BOOK REVIEW: CHICAGO COIN CLUB MEDALS AND TOKENS

Dennis Tucker submitted this review of Bill Burd's book on the medals and tokens of the Chicago Coin Club. Thanks! -Editor

Collecting 100 Years of Medals and Tokens of the Famous Chicago Coin Club
Book review by Dennis Tucker

Dennis Tucker One of my greatest numismatic regrets is that I lived in the city of Rochester, New York, for nearly twelve years, and in all that time I never joined the venerable and storied Rochester Numismatic Association.

I've been a coin collector since I was about seven years old. The coin bug bit me hard, and I was hooked through middle school and high school. In college I kept up with the hobby, to a lesser degree but still actively. At the University of Rochester I subscribed to Coin World and Numismatic News, bought a little, sold a little, read a lot.
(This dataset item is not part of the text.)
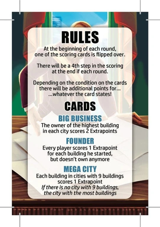This small expansion consists of 10 cards as is for the game Manhattan (1994). An 11th card contains the rules of the game.
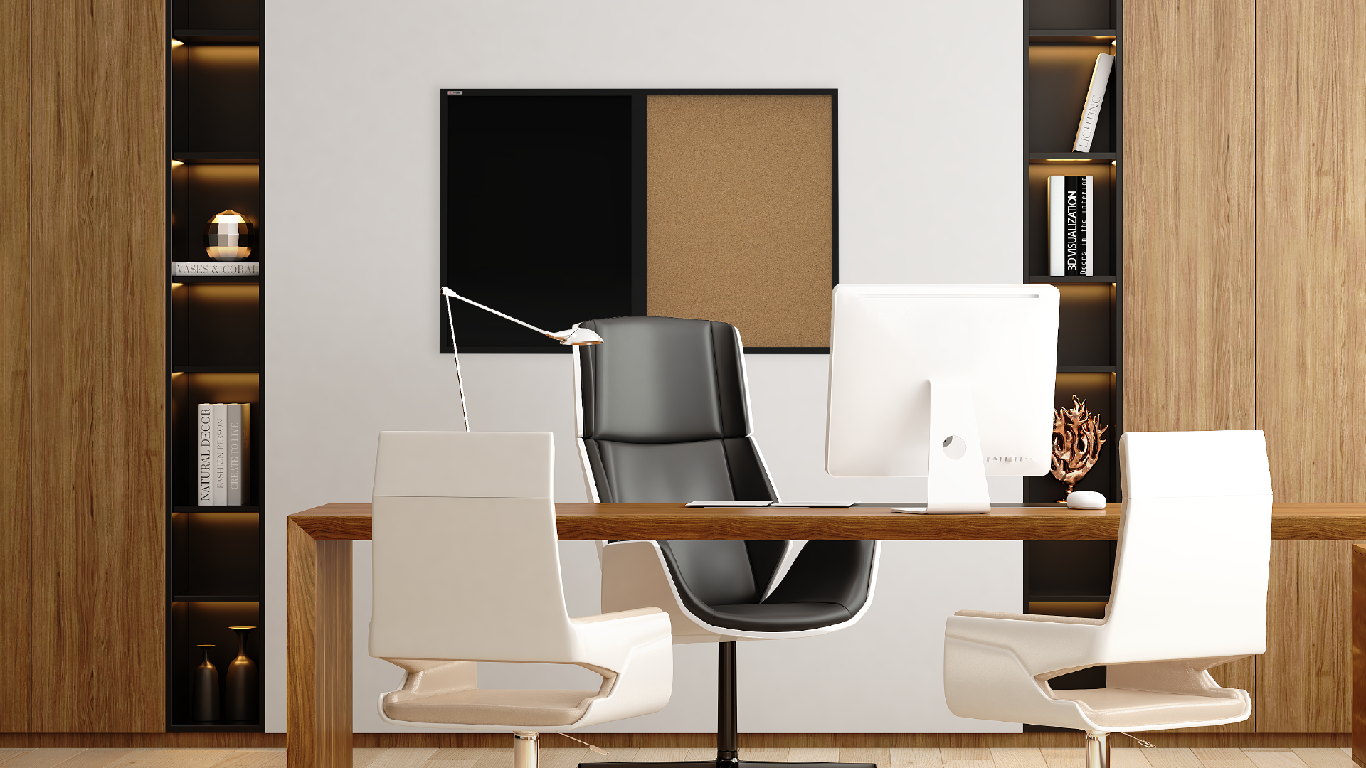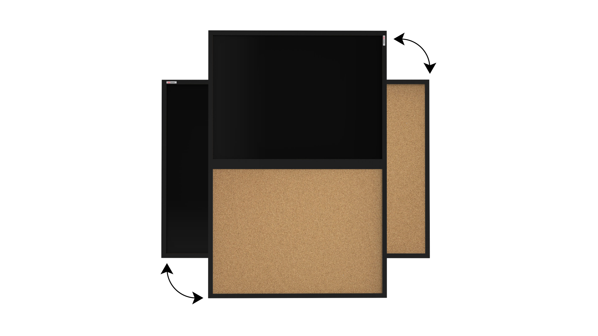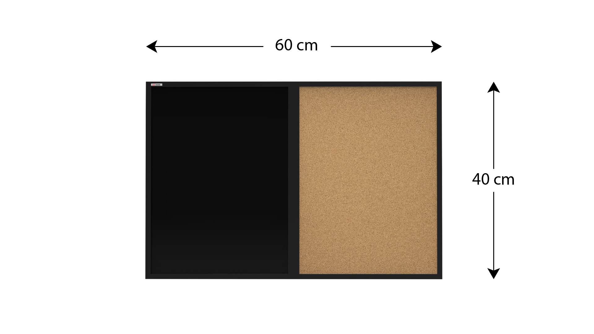 - Funkcjonalność i wygoda - dzięki różnym powierzchniom, tablica zyskuje funkcjonalność kilku tablic. Tablica korkowa pozwala przypinać do niej pinezki lub igły. Tablica magnetyczna kredowa pozwala na pisanie po niej markerami kredowymi oraz wykorzystywanie magnesów, tak by móc wyeksponować ważne informację, notatki czy też zdjęcia.

But I was fairly solitary in my hobby world, mostly collecting through mail order and learning from books and periodicals, rather than attending many coin shows and joining a local club.
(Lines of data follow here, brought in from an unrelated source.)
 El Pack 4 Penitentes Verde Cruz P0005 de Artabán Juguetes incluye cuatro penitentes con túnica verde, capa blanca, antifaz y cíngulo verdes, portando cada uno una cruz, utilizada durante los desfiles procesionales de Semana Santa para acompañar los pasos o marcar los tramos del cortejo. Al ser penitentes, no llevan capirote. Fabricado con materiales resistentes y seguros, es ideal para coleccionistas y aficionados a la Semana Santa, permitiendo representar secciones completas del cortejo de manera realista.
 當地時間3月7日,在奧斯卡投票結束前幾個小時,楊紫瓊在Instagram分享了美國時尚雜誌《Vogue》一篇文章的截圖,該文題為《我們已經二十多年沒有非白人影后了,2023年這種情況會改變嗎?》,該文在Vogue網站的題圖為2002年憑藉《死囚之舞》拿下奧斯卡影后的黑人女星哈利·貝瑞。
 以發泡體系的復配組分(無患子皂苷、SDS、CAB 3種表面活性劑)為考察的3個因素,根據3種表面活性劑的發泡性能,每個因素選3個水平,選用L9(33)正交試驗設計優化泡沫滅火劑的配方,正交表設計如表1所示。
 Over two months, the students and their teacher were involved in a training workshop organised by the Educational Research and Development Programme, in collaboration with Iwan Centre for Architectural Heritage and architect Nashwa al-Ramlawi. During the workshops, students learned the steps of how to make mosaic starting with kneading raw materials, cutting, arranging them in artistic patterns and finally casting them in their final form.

Benefits of Coin Club Membership
Two benefits of every coin club are like-minded camaraderie and a venue to learn directly from longtime collectors. I lost out on that, and my loss was compounded: the Rochester Numismatic Association isn't just any coin club. It's one of the oldest in the United States; it has a rich history, counting famous collectors such as John Jay Pittman among its members; it has a decades-long program of issuing original medals. At the same time, there was a lot I could have offered the club as a writer and artist, but most of my creative energy (outside of classes) I poured into the campus humor magazine, student newspaper, and literary journals.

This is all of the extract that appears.